* [Requirement] An exact copy of the lines of the listing below between the "Реверсивная отвертка Gross" line and the "W zakładce Calibration" line, both included, is the whole answer; please omit the pictures.

* [Task input]
++++++++

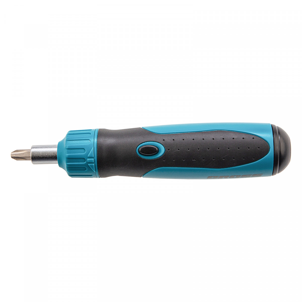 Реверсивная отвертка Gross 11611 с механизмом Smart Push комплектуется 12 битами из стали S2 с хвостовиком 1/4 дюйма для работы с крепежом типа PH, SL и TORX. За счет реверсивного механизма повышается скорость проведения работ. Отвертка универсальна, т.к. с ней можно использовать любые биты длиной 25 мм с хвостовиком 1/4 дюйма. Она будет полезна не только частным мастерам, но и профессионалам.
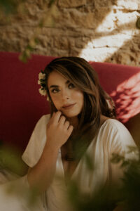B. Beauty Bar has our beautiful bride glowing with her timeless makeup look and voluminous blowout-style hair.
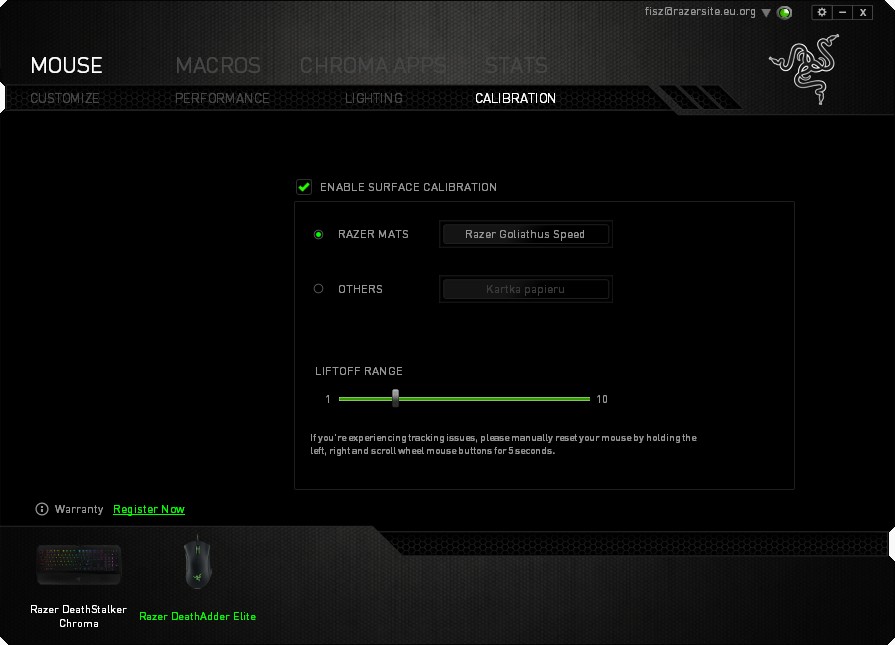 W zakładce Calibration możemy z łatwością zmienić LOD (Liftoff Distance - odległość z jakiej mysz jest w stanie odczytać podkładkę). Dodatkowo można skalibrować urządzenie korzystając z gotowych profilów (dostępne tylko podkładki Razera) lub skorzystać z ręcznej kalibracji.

++++++++

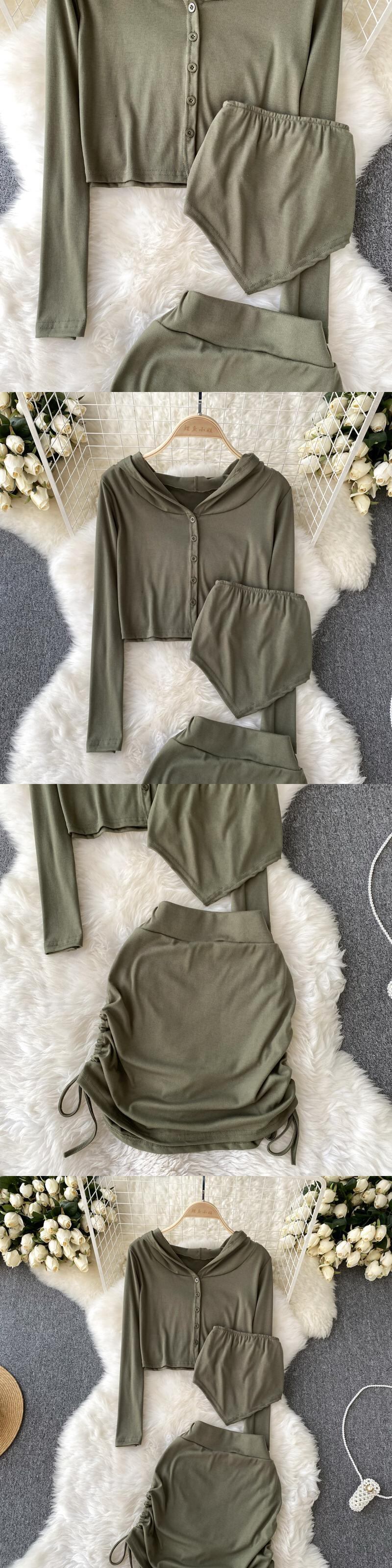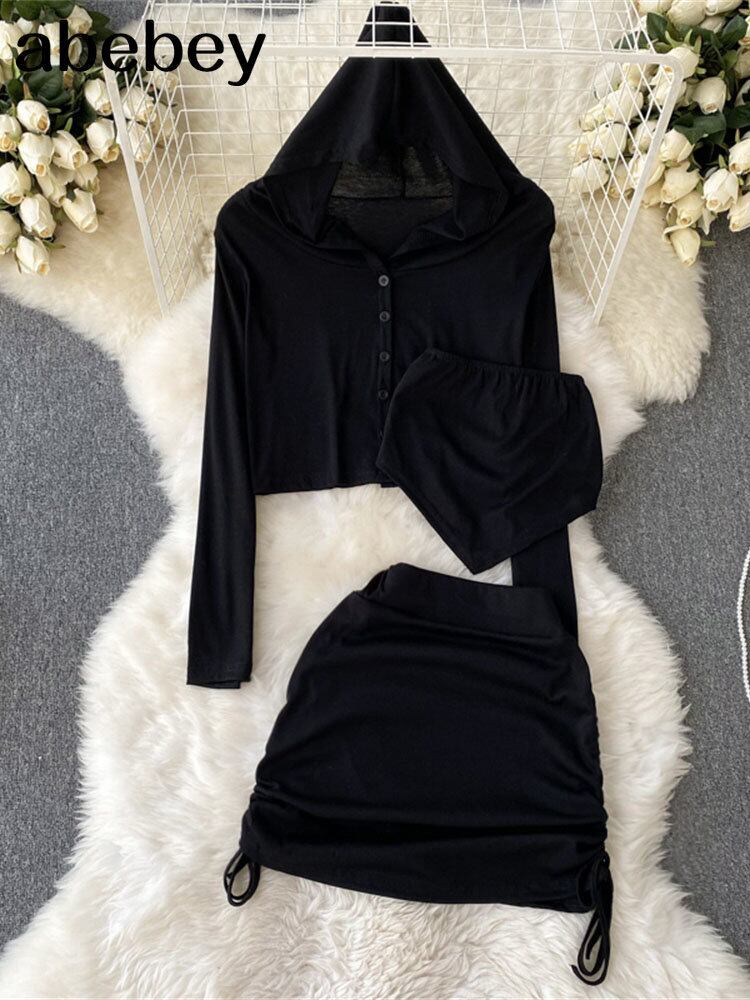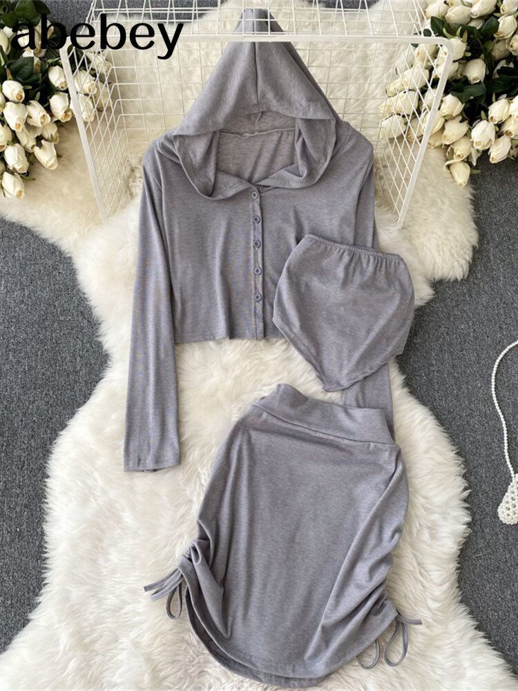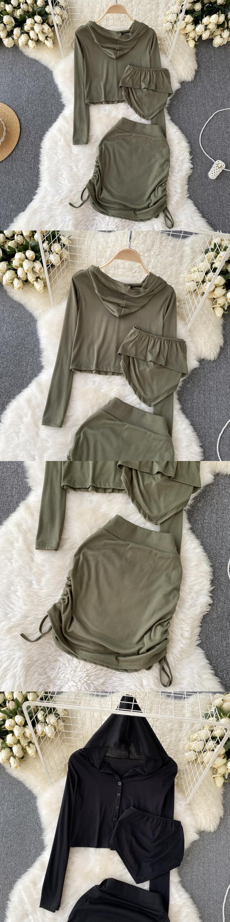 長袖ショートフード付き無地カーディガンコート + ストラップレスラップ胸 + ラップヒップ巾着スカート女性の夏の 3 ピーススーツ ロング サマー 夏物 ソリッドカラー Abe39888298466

++++++++

* [Finished exercise]
 Реверсивная отвертка Gross 11611 с механизмом Smart Push комплектуется 12 битами из стали S2 с хвостовиком 1/4 дюйма для работы с крепежом типа PH, SL и TORX. За счет реверсивного механизма повышается скорость проведения работ. Отвертка универсальна, т.к. с ней можно использовать любые биты длиной 25 мм с хвостовиком 1/4 дюйма. Она будет полезна не только частным мастерам, но и профессионалам.
B. Beauty Bar has our beautiful bride glowing with her timeless makeup look and voluminous blowout-style hair.
 W zakładce Calibration możemy z łatwością zmienić LOD (Liftoff Distance - odległość z jakiej mysz jest w stanie odczytać podkładkę). Dodatkowo można skalibrować urządzenie korzystając z gotowych profilów (dostępne tylko podkładki Razera) lub skorzystać z ręcznej kalibracji.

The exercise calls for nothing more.